In a curious twist of irony, the US that equipped the Iraqi military and realities in Iraq hardly suggest that human right considerations in terms of a possible use of the weapons against civilians and the possibility of them slipping into their hands of terrorists in the region or in the country, moderated the US-Iraq arms transfers, especially given the fact that US made weapons, today, form the mass of ISIS arsenal in both Iraq and Syria.

Two things according to findings drive the US negative disposition towards Nigeria’s procurement of arms for the prosecution of the war against insurgency in the country.

One is the huge gravitation of the Jonathan government towards China in terms of trade and for infrastructural development of the country. For instance, the entire work on construction and rehabilitation of the country’s rail system are being done by Chinese companies, who in fact, offered the federal government better bargain than US companies. Another it was revealed, is the frustration the US government suffered in the hands of President Jonathan in Obama’s failed bid to establish a US military base in the Gulf of Guinea.

The US can be credited with the provision of fringe military training for Nigerian troops, and has held high level talks with the Nigerian government on the threat of Boko Haram, but these pale miserably in comparison with the sabotage the US government has implemented against the Nigerian government in the area of arms procurement for a decisive war against the Boko Haram insurgents.

The pain from this sabotage pushed the Nigerian Ambassador to the US, Prof. Adebowale Adefuye, last year to declare publicly in his speech at the Council on Foreign Relations,CFR in Washington, that the Nigerian government was dissatisfied “with the scope, nature and content of the United States’ support” for the country, in its war against Boko Haram; especially for failing to avail Nigeria effective military hardware to deal decisively with the insurgents.

The unhelpful attitude from the US reaches back to the time Hillary Clinton was the American Secretary of States.
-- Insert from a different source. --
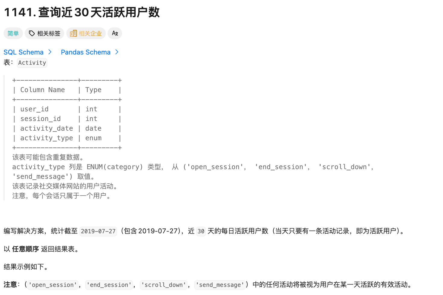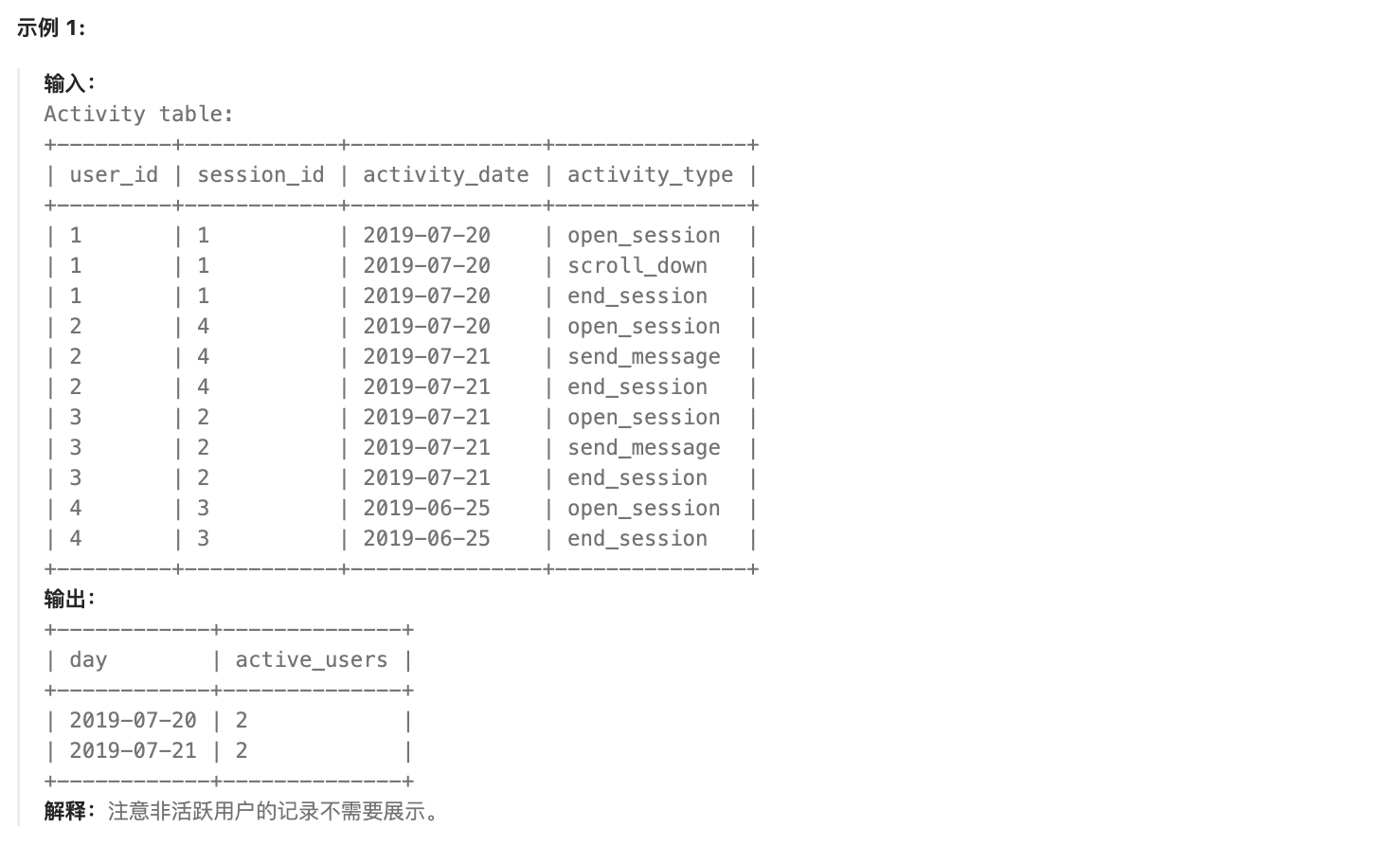 要解决这道题,核心是筛选时间范围+按日期分组+去重统计活跃用户

As Secretary of State, Clinton rebuffed all pressures from US senators, Congressmen, the FBI, CIA and the Justice Department to list Boko Haram as a Foreign Terrorist Organisation (FTO) in the US Department of State’s roster, even after Boko Haram bombed the Abuja UN building in 2011. It could be recalled that in May 2012, then-Justice Department official Lisa Monaco wrote to the State Department, urging Clinton to designate Boko Haram as a terrorist organization. In June, same year, Gen. Carter Ham, the chief of U.S. Africa Command, also revealed that Boko Haram may have developed a nexus with al-Qaeda. Dozens of US senators and congressmen equally wrote her as concerned individuals and as committee, but none of the revelations and promptings made Clinton to yield ground.
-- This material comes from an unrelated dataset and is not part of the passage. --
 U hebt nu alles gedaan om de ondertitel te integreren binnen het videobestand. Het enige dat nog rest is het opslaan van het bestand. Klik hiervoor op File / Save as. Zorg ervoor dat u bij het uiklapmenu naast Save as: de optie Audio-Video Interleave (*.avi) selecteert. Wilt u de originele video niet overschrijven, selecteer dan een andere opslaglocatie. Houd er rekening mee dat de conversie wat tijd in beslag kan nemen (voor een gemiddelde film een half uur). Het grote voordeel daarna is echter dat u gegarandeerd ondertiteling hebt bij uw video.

The legal ramifications of designation as a “Foreign Terrorist Organisation” (FTO) according to US Department of State, is such that US law enforcement and intelligence agencies could use some definite measures including those contained in the Patriot Act to move against the FTO. The designation makes it unlawful for a person in the US or subject to the jurisdiction of the US to knowingly provide “material support or resources” to a designated FTO.

The designation makes it illegal for any US entity to do business with the organisation. Representatives and members of a designated FTO, become inadmissible to the United States. Access to the US financial system is cut off for the organisation and anyone associated with it. Any US financial institution that becomes aware that it has possession of or control over funds in which a designated FTO or its agent has an interest freezes the funds and reports the funds to the Office of Foreign Assets Control of the US Department of the Treasury. The designation also serves to stigmatise and isolate the terrorist organizations internationally, deters donations or contributions to it, and economic transactions with named organisation.

Clinton’s successor, State John Kerry eventually added Boko Haram and Ansaru to the US Department of State list of foreign terrorist organisations on November 14, 2013.